Posted By harvey on 04 May 2012 01:01 PM 
So how much is a bottle of water??
Cheers.

Last case I bought was $2.99 for a case of 24 500ml bottles.
I wondered if that even covered the cost of handling and shipping.


But that is not the issue - the price of water varies quite a bit from store to store, there is no collusion or price fixing - at least not obvious the way it is with gas.


----------



## Pete Thornton (Jan 2, 2008)

Neither of the political parties wants the gas price issue on their plates in an election year 
And that's my pet peeve. Ignoring political lobbyists or oil company collusion - when is someone going to point out that we're getting a really cheap ride? The gas tax hasn't increased for years and the transportation fund is out of $. Hence the bridges fall down. 

However, there's a limit to how many roads you can build using that 18% gas tax. In the urban environment, it would be better for everyone [what a socialist concept - good for everylone!,] if the gas tax went up and the money was used to provide better public tranport - like the rest of the world has. The roads would be less crowded and we'd all be more relaxed. (I didn't say 'more trains' but that's one of the better options.) 

I'm still waiting to see the bumper sticker that says "More Gas Tax for Trains = Fewer Cars in front of You".


----------



## Pete Thornton (Jan 2, 2008)

the price of water varies quite a bit from store to store
Oh Yes? Not around here it doesn't - over the long term. The variations are entirely promotions from the vendors or loss-leaders by the store. In general it is $4.99/case (24x500ml) from all suppliers in all supermarkets. 

P.S. How come you aren't complaining about the un-american *metric *bottle size? ;-)


----------



## krs (Feb 29, 2008)

Posted By Pete Thornton on 04 May 2012 03:52 PM 
it's the price fixing and collusion between the oils companies that I have a problem with 
I think you are over-stating the problem/issue. Every competitive industry appears to do price fixing - but that's just good competitive pricing.
I don't find that at all for other products - the only other one like that I can think of is furnace oil, but even that varies by about 10% from dealer to dealer, at least here.
With furnace oil I have another problem - it's essentially the only product I buy where I can't decide if the price is acceptable to me.
With gasoline, I can decide to fill up tomorrow or the day after if I think the price will drop (and my tank isn't empty, but that is my own management issue).
With furnace oil, the company shows up, fills the tank whenever they think it's appropriate and sends you the billfor wahtever they decide to charge.

As to other products - I just bought a few SanDisk 16GB flash drives for $14.95 each.

Other makes were priced all the way up to $29.-; another store had the identical SanDisk Flash drives I bought for $14.95 on "super special" for $19.95.
Wide range in pricing - and the computer industry is as competitive as any.


----------



## Kovacjr (Jan 2, 2008)

We have an account with a local gas station for our fuel for the business.

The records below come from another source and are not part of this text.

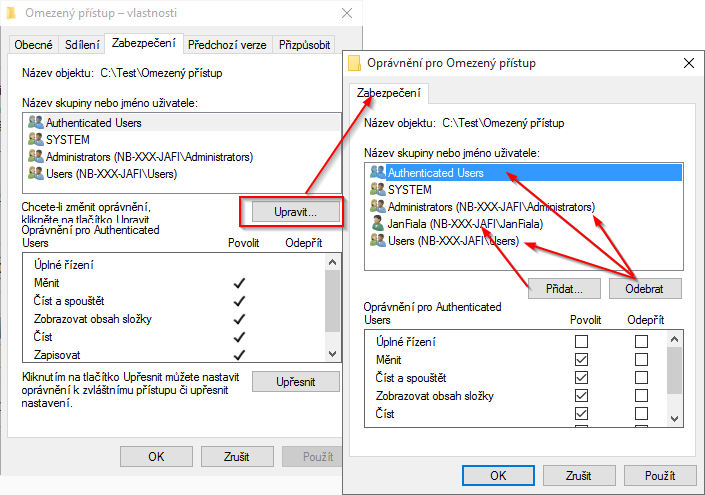 Nastavení oprávnění ve Windows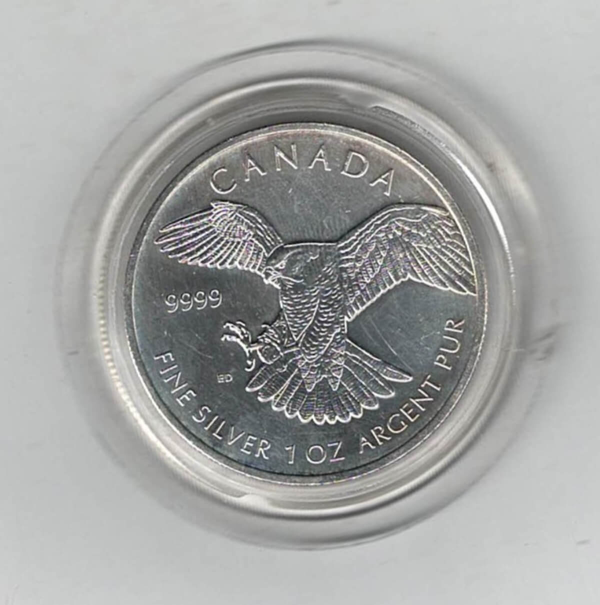 The 2014 Bird of prey is a coin struck in fine silver by the Canadian Mint . The obverse features Elizabeth II facing Right. The reverse features a Peregrin Falcon facing left.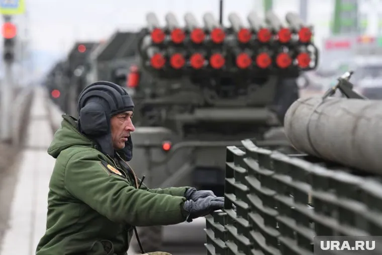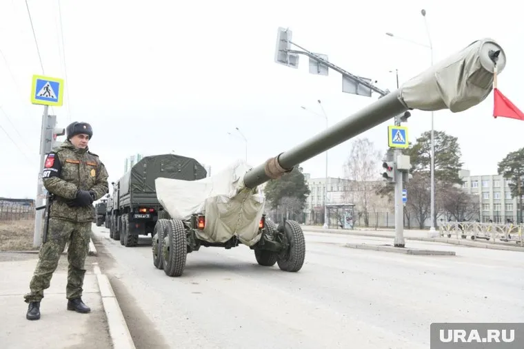 В Екатеринбурге утром 8 апреля по улицам Вторчермета проехали танки и десятки другой военной техники. Военнослужащие провели репетицию парада, посвященной 80-й годовщине Победы в Великой Отечественной войне, передает корреспондент URA.RU.

We have had a few conversations about prices in the past and even they feel that its priced too high. And they are not even making any decent money! Something like .06 per gallon on average. The supplier tells them how much to charge each week and also tells them what they will pay for fuel. Now with that said the current barrel price in comparison to the same barrel price years ago the price per galon "should" be under 2.00. Now the difference is the amount of road taxes per gallon added on by the goverment. And this comes direct from their records of 20+ years at the same station. Of course with the increases in insurance over the last 2 years they have just closed the fuel part of the business and now is just a repair shop.


----------



## Chris Scott (Jan 2, 2008)

Posted By Torby on 04 May 2012 03:22 PM 
An ounce of gold buys the same amount of oil today as it did in 1970. High oil prices aren't OPEC's fault, we've done it to [email protected] url(http://www.mylargescale.com/Provide...ad.ashx?type=style&file=SyntaxHighlighter.css);@import url(/providers/htmleditorproviders/cehtmleditorprovider/dnngeneral.css); 



Gold 1970 ~$36. oz. Barrel oil 1970 $3.60 = 10 barrels per oz. gold.


Gold 2012 ~$1700 oz. Barrel oil ~$100 = 17 barrels per oz. of gold


----------



## Bob in Kalamazoo (Apr 2, 2009)

"More Gas Tax for Trains = Fewer Cars in front of You"

Hey Pete, why don't you have some bumper stickers like that made up and sell them? I'd buy a few of them, two for my two cars and a few for friends. I like it.










Bob


----------



## SD90WLMT (Feb 16, 2010)

Ain't inflation fun... 

42 years from $3.60 to $100.00, 

and wages can not match this change! 

Dirk


----------



## krs (Feb 29, 2008)

Posted By SD90WLMT on 05 May 2012 01:00 PM 
Ain't inflation fun... 

42 years from $3.60 to $100.00, 

and wages can not match this change! 

Dirk 


This isn't inflation - that's price speculation with gold and oil

Adjusted for inflation in the US, the $3.60 in 1970 becomes $21.28 in 2012.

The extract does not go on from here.